This is a gleeful, cheery offering. A million miles from the moody cultures of Inland, Kurt Dahlke‘s ’79 debuting ice-breaker, it’s all ruby-cheeked whimsy, paddling in the shallow end, sucking on plenty of easy ear lollipops. Knowingly going where most experimenters fear to tread, into a world reserved for elevators and on hold appeasement; in short , the land of the inoffensive ditty.
Anyways, straight off the starting block, “Im Zoo” could be seen as something of a natural history progression from the pop-tastic foundations of his Ausland album. An animal farm with its hen-house squawks between Harpo hootings whilst someone plays a xylophone made of eggs. Gives me fond memories of a toy the kids had, way back in their googly-eyed days, that would count in manner of barnyard business; I can just imagine Kurt in his dressing gown, banging out this tune on something similar , throwing a cheeky wink here and there.
That Wunderland sense of twee jiggery-pokery is pulling out all the stops, milking the genre for all it’s worth, verging off into “Gespräch Mit Der Erde”‘s robotic fairground repeaters, gliding that clappy canopy of hula-hooped goodness. Flinging spangles down the turrets of Bavarian fairy castles, with the milk bottle, gargle and alarm bell bizarreness of “Am Morgen & Ein Spaziergang” and its additional birdy song and bubbly key descends doing a “Louis the 14th” in your head.

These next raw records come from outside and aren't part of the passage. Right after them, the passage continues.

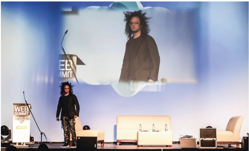
Fig. 7.1 AOL’s “Digital Creative Prophet” David Shing—Web Summit 2012

Bourdieu notes the charismatic individual is known for discovering “brilliant” ideas that otherwise would remain anonymous (1993: 76). The creative artist is thus venerated above ordinary men for discovering
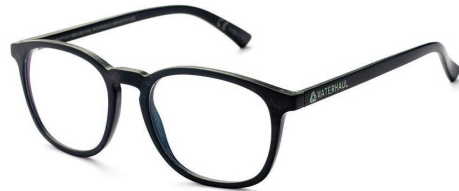
Kynance Frame Only
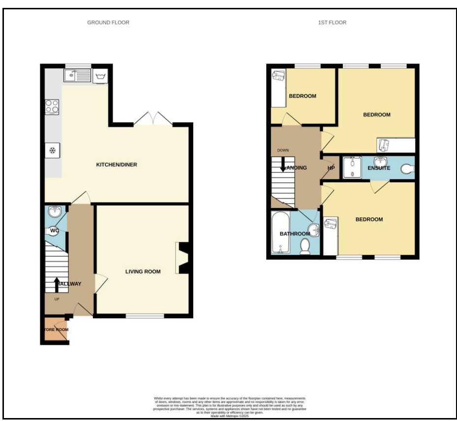
For illustrative purposes only. Not to scale
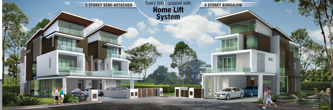
3 STOREY SEMI-DETACHED

Every Unit Equipped with Home Lift System
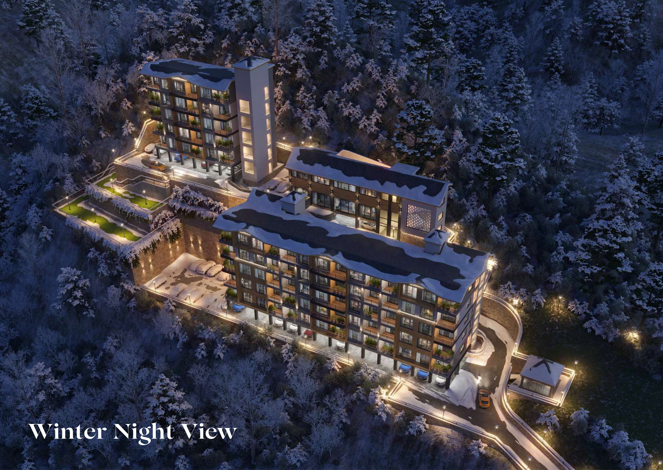
Winter Night View
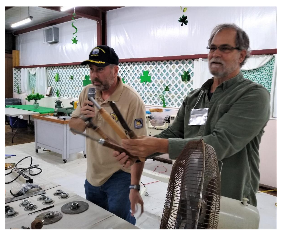
Kitchen or shop, your choice!
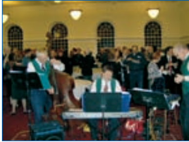
Music to Dine: Music to accompany the dining. One of three groups providing music during the event
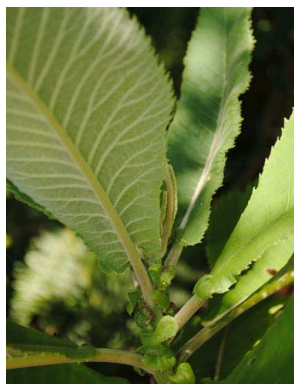
29 Vernonia auriculifera ASTERACEAE
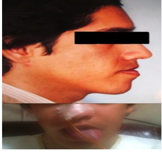
(bottom) the corrective jaw surgery. Tongue deviation due to hypoglossal nerve paralysis is seen.

Fig 2: The patient before (top) and 1 month after
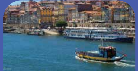
DUORO RIVER BOAT TOUR

What’s more, when the main course is finished there’s a whole EP worth of extras to consume: one of which, “Pisang,” gives Blondie‘s “Rapture” a run for it’s money in 8-bit jungle woo woo wah’s.I’m usually more at home with the difficult end of the musical spectrum: angst ridden noise, room-clearing doom-mongering etcetera; but the more I listen to these slinky rhinestones, the more bewitched I am -with a curious craving for a spinning bow tie and an animal mask or two.